Pijamalarımı giyinirken bir yandan da son bir haftanın nasıl geçtiğini düşünmeden edemiyordum. Yanımdaki yatakta düzenli nefes alış verişlerini duyduğum adamın geçtiğimiz beş günde nelerle uğraştığını görme fırsatı bulmuştum. Tanrım bu insanlar delirmiş olmalı diyerek elimde evrip çevirdiğim tişörtü giyinip Kyungsoo'yu uyandırmamaya çalışarak yastığımı aldım. Tam odadan çıkacakken seslenmişti.

"Jongin gidiyor musun?" yanındaki gece lambasını açıp patlamış dudağıyla, morluklarıyla yüzleşmemi sağlamıştı.

"Hıhımm içerde olacağım ben, sen rahatına bak."

"Özür dilerim.." bir anda bakışları benden kucağındaki ellerine kaymıştı. Parmakları hala yaralarla doluydu. Onlarla oynaması bana geçmişi hatırlatıyordu. Benim yüzümden karıştığı kavgaları.. Ne değişmişti Jongin onca yıldan sonra hala bu koca gözlü ve gülünce dünyanı aydınlatan adam hala seni korumak için yaralanıyordu.. Yavaş adımlarla yanına yürüdüm. Yatağa onun karşısına gelecek şekilde oturup tırnağının kenarındaki etlerle oynayan elini ellerimin arasına alıp parmaklarını sevmeye başlamıştım.

"Neden özür diliyorsun ki? Hem bak bunlarla böyle oynarsan iltihaplanabilirler canın daha çok acır."

"Acıyor zaten.." cümlesiyle gözleri dolmuştu. Canımı yakıyordu bu hali..

"Soo, bana her şeyi en başından anlatmak ister misin?
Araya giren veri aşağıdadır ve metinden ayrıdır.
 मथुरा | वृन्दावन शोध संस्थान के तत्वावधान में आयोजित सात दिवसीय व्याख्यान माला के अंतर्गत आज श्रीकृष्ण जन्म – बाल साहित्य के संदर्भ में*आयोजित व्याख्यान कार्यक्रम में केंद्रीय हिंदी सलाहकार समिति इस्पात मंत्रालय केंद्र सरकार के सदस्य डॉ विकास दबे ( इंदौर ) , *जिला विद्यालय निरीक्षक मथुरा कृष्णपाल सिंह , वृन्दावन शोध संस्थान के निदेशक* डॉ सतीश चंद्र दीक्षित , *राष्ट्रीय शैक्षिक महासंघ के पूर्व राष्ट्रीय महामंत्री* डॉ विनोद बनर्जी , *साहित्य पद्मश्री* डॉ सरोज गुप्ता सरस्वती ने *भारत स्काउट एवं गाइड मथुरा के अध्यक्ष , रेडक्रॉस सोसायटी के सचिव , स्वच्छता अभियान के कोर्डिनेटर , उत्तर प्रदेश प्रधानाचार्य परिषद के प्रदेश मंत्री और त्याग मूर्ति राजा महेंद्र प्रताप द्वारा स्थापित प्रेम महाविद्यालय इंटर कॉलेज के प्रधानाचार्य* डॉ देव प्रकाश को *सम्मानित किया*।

En azından bunlar nasıl oldu bilmeme müsaade eder misin?" parmaklarımı canını yakmaktan korkarcasına yaralarının üzerinde gezdirirken elim yanaklarındayken gözlerini kapatıp olumlu anlamda başını sallamıştı.
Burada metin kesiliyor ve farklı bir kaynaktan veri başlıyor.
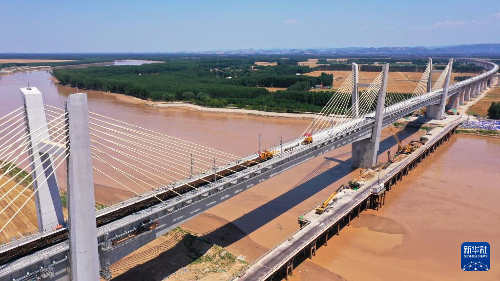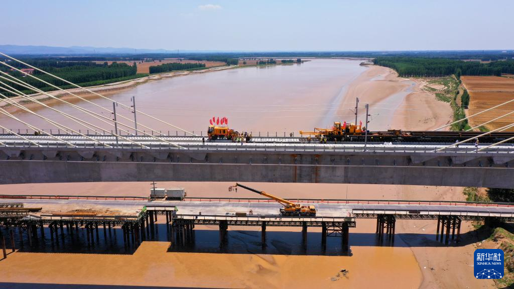 6月14日,在济郑高铁山东段长清黄河特大桥,中铁十局的工作人员进行铁轨铺设作业(无人机照片)。新华社记者 郭绪雷 摄

Artık bahsetmek istiyordu, derin bir nefes aldırmıştı bu hareketi bana. Onu eve getirdiğim zaman ağzını bıçak açmıyordu sadece uyumak istiyorum diyebilmişti. Onu evde bırakıp işe de gidememiştim ya ben evde yokken çekip giderse, ya onu bulamazsam diye korkmuştum. 

O kendini rahat hissetsin diye olabildiğince normal davranmaya çalışmıştım. Şimdi bu geçtiğimiz günleri anlatacaktı. Ben yaralı elini avuçlarımın içine alıp hafifçe sıkınca o da tüm gücünü toplamışcasına gözlerimin içine bakıp anlatmaya başladı.
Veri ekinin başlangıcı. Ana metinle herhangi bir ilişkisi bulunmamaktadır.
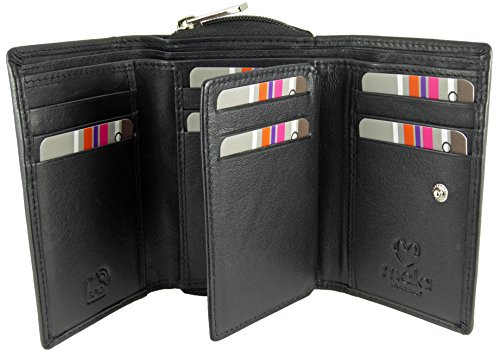 Bottone a pressione apertura a 2 sezioni per le note, 12 carte di credito con 3 ulteriori slot dietro, dimensioni approssimative: 13 cm l x 9 cm H x 3 cm D (chiuso e vuoto)

"Geçtiğimiz günlerde biliyorsun Yönetim Kurulu toplantısı yapılacaktı ve ondan öncede Minho hastaneyi ziyaret etmişti. Aslında her şey Minho Ve Hwa Young'un planıydı bence."

FLASHBACK

Doh Kyungsoo

"Saçmalama Baekhyun toplantı yarın ve ben nasıl senin yerine Jongdae ile katılayım. Aptallaşma!!"

"Düzgün konuş be! Ha ben olmuşum ha Jongdae olmuş ne fark eder alt tarafı Jongin'in doktorluk açısından bu pozisyona uygunluğu açısından bir hekimin görüşü gerekiyor. Hem Chanyeol'e çoktan söz verdim ekemem." Tam ağzımı açmıştım ki ellerini yukarıya kaldırıp beni susturdu.

"Hem sen ameliyat başarılı geçerse sana bir aylık ücretli izin vereceğim dedin. Bunu sen söyledin bak hem de tam daşurda dedin!"

Baekhyun ameliyat için konuştuğumuz günü hatırlatıp koltukları göstermişti. Haklıydı ona söz vermiştim ama bu hafta geçse öyle gitselerdi olmuyor muydu! Lanet olasıca özelgün takıntıları.. Sevgiliysen her gün özeldir işte ne diye başladığın güne anlam yüklersin ki. Sıkıntıyla saçlarımı karıştırıp kravatımı gevşetmiştim.